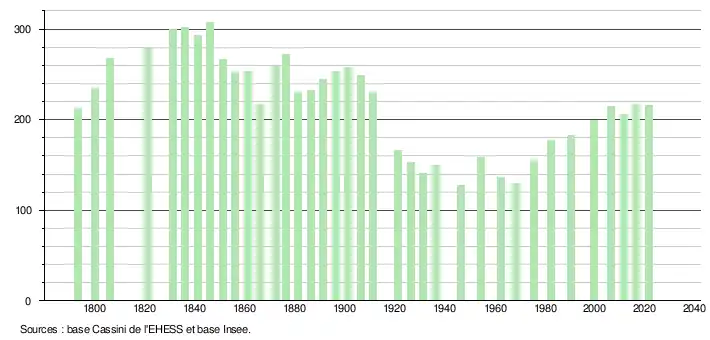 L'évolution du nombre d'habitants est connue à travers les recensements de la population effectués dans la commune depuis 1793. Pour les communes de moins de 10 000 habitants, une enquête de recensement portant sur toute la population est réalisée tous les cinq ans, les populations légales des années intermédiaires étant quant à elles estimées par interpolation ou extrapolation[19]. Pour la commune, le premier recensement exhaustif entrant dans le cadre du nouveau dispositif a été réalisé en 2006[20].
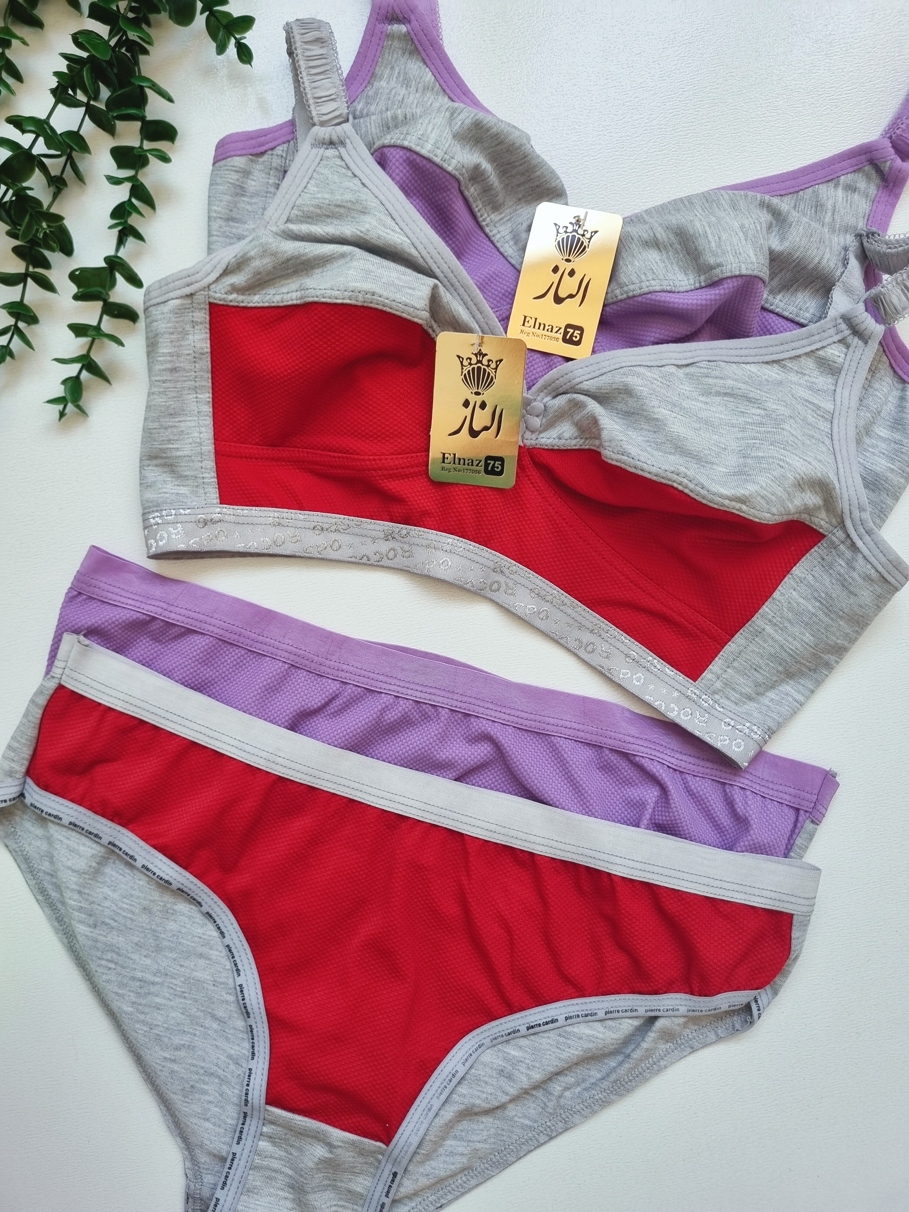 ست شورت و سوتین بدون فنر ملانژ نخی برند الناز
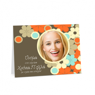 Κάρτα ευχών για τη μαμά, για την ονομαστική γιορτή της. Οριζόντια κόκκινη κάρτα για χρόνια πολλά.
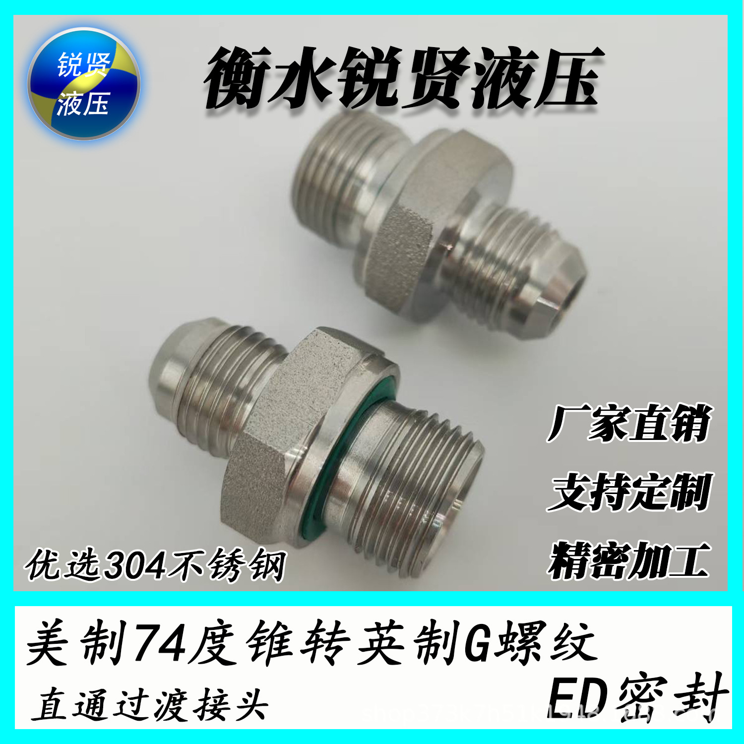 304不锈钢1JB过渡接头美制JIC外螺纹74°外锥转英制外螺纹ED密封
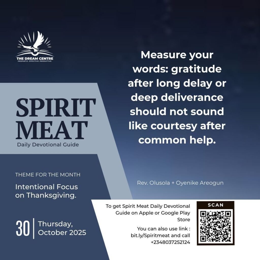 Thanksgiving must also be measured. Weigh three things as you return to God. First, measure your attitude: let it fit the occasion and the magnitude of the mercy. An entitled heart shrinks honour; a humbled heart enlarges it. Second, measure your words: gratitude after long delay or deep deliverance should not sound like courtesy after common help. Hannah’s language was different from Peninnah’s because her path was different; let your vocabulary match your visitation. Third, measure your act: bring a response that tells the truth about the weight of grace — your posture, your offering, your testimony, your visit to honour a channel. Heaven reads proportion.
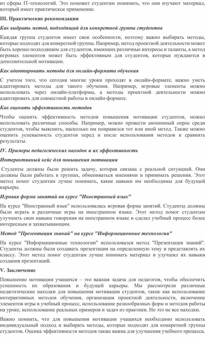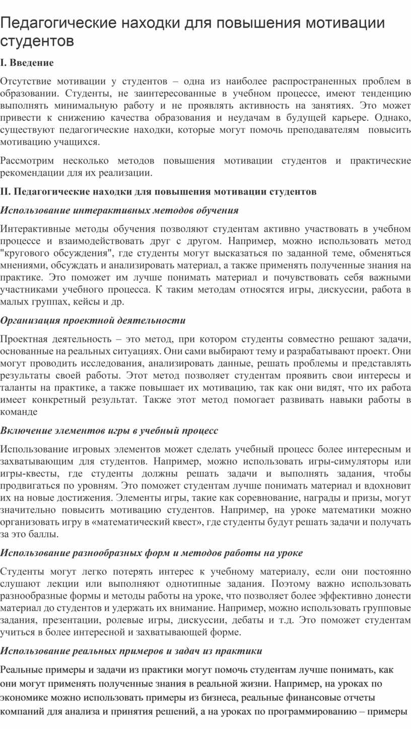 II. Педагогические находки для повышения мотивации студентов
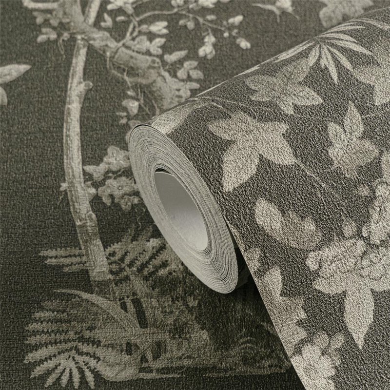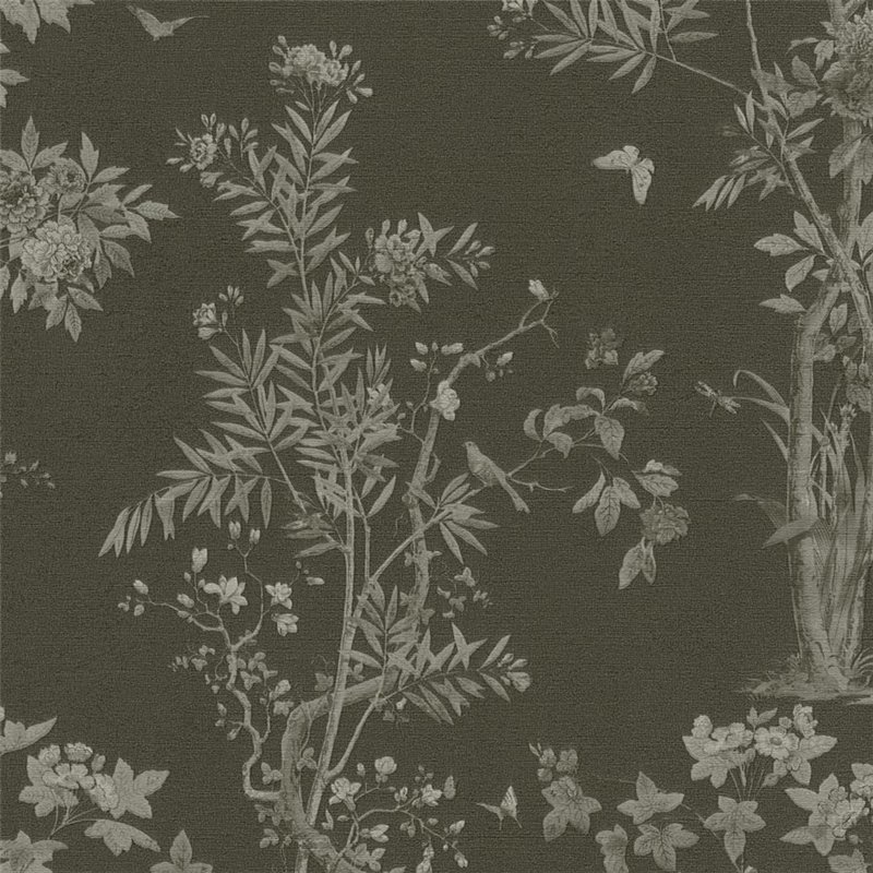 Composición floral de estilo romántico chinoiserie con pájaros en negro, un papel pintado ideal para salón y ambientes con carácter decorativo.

# # # # #

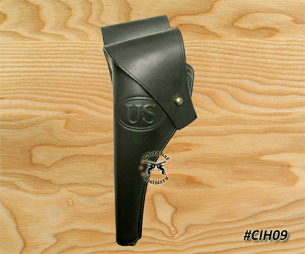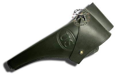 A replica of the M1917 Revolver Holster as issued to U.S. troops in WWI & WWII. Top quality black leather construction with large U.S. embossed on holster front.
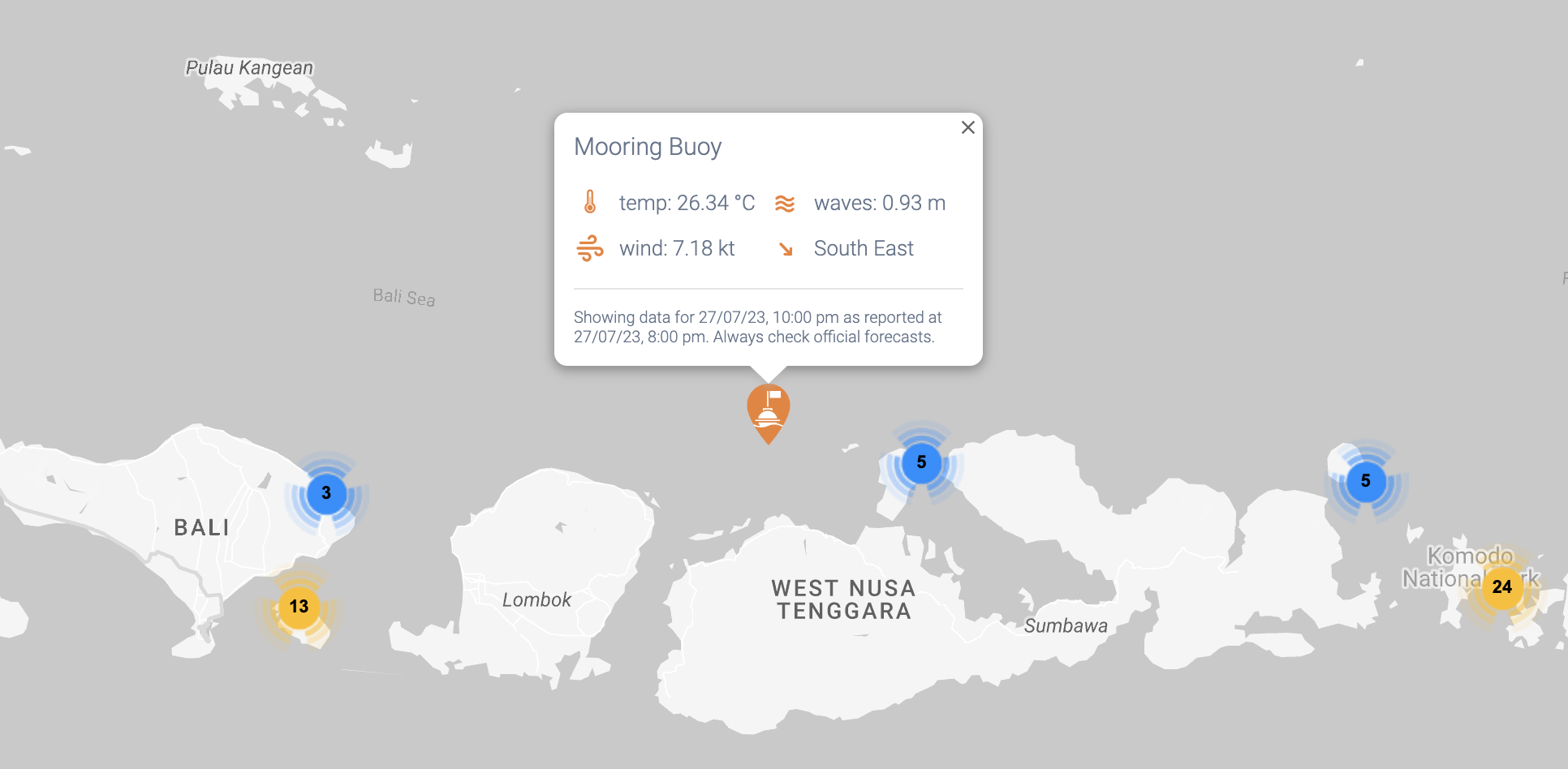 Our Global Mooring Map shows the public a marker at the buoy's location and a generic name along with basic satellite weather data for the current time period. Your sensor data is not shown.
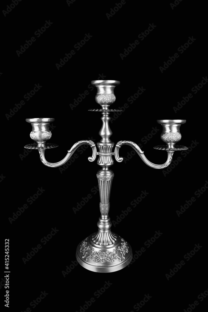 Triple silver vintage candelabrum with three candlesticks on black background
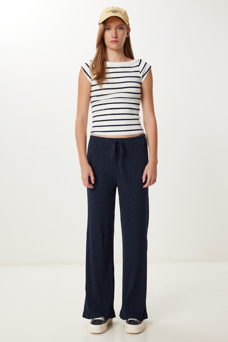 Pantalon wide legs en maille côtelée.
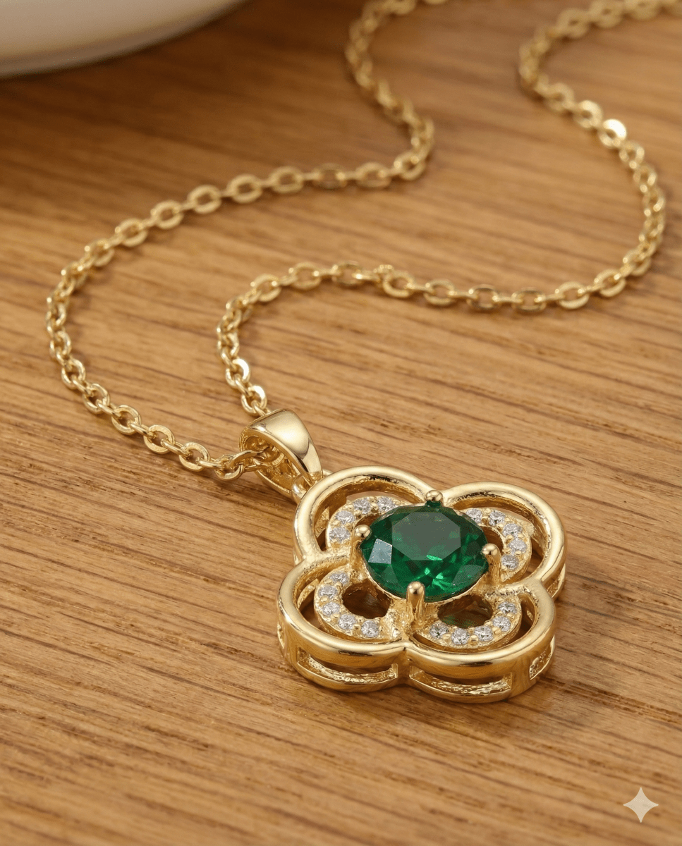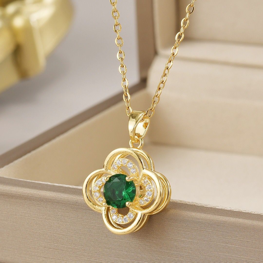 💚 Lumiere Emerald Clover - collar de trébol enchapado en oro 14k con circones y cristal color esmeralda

# # # # #

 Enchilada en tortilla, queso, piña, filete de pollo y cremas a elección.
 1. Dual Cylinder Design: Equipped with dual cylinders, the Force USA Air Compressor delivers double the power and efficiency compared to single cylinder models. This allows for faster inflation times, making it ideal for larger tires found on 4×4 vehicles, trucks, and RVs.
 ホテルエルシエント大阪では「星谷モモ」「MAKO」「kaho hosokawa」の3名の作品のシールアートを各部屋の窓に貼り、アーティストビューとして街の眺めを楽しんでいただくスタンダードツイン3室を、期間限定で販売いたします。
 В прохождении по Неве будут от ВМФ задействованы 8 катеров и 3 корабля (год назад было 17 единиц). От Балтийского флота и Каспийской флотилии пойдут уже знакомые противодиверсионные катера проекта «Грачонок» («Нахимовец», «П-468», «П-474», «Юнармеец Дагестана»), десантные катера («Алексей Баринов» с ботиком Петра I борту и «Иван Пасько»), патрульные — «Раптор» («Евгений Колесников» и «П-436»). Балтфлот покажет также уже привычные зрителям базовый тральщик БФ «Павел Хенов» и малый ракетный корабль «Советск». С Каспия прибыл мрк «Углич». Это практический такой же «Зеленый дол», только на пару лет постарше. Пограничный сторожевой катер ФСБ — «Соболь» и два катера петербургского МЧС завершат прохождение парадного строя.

# # # # #

• Task to carry out:
Could you repeat, exactly, only the lines above starting at the one that has "II. Педагогические находки" and stopping after the one that has "Composición floral de", without the pictures?

• Answer below:
 II. Педагогические находки для повышения мотивации студентов
 Composición floral de estilo romántico chinoiserie con pájaros en negro, un papel pintado ideal para salón y ambientes con carácter decorativo.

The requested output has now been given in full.